(Beginning of DATA BELOW)
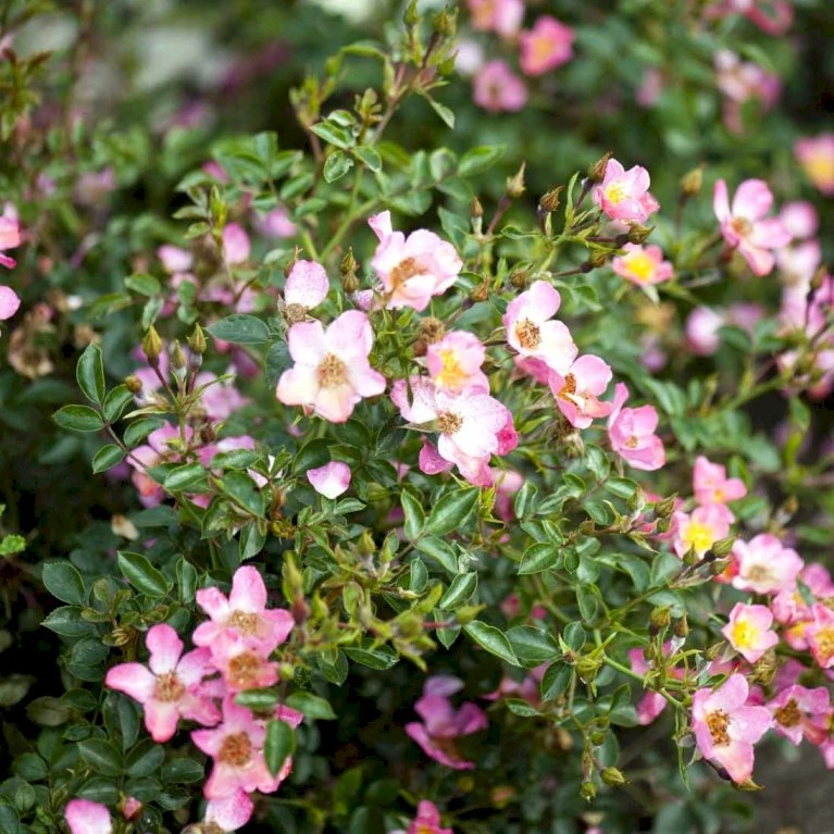 Pink til rosa, åben blomst med let duft. Søges af nytteinsekter.
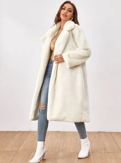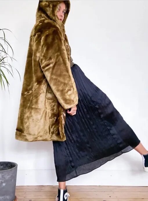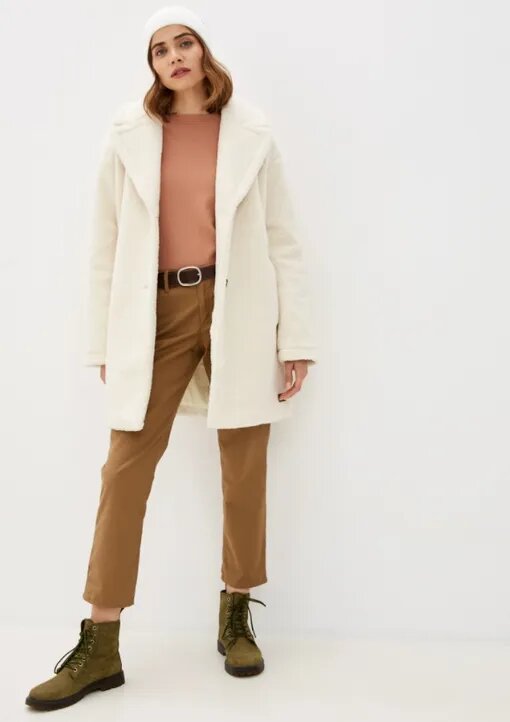 Затишне оверсайз-пальто зі штучного хутра не тільки зігріває, а й дозволяє складати модні багатошарові образи. Накиньте його поверх сорочки і трикотажного жилета або носіть з довгою трикотажною сукнею і жакетом.
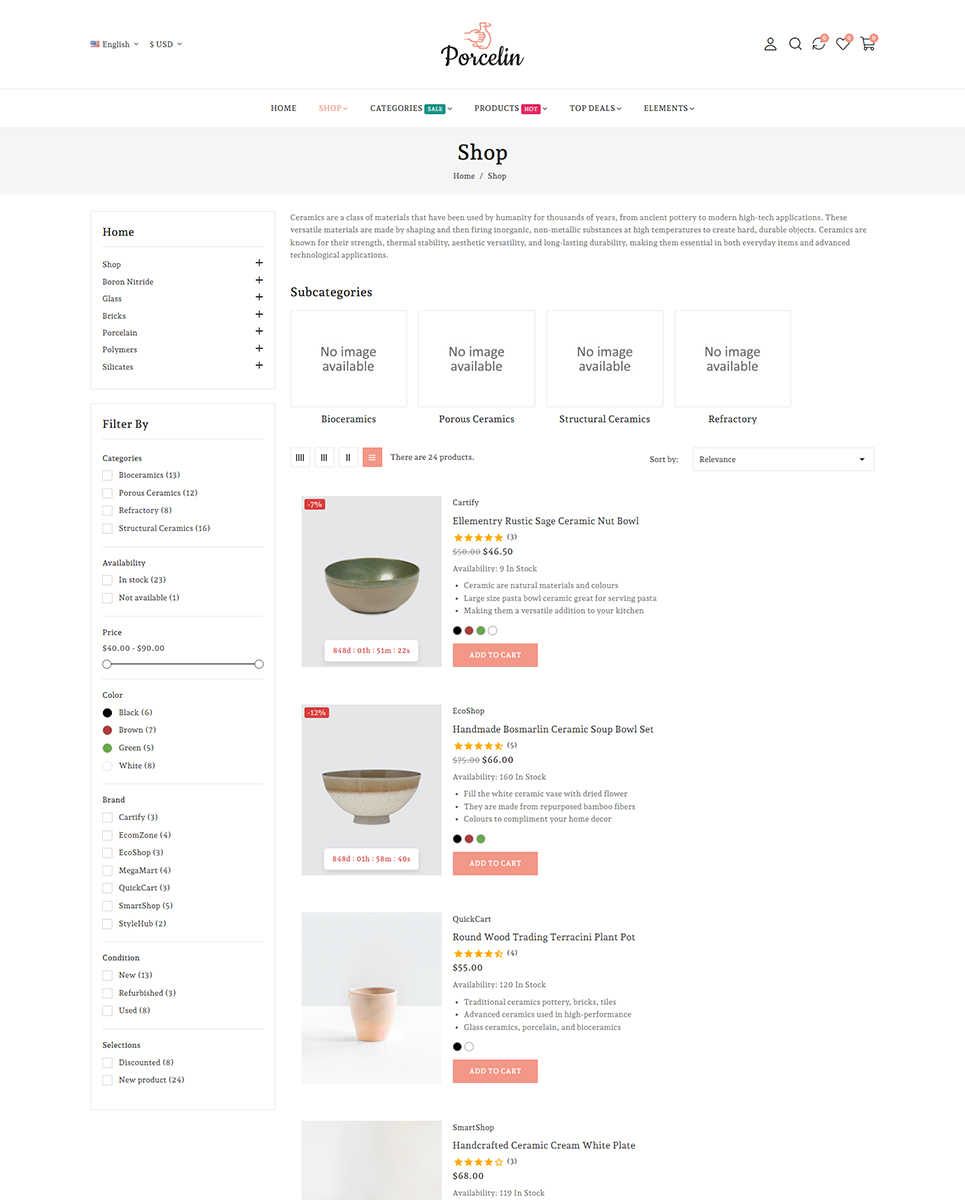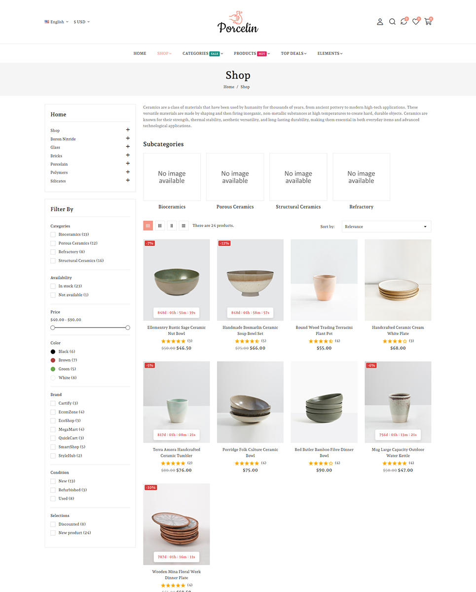 Porcelin - Art and Ceramic Store PrestaShop Theme
(End of DATA BELOW)
— TO DO —
Final stretch of the data: repeat exactly each line from the one containing "Затишне оверсайз-пальто зі" through the last, and omit all pictures.

— OUTPUT BELOW —
 Затишне оверсайз-пальто зі штучного хутра не тільки зігріває, а й дозволяє складати модні багатошарові образи. Накиньте його поверх сорочки і трикотажного жилета або носіть з довгою трикотажною сукнею і жакетом.
 Porcelin - Art and Ceramic Store PrestaShop Theme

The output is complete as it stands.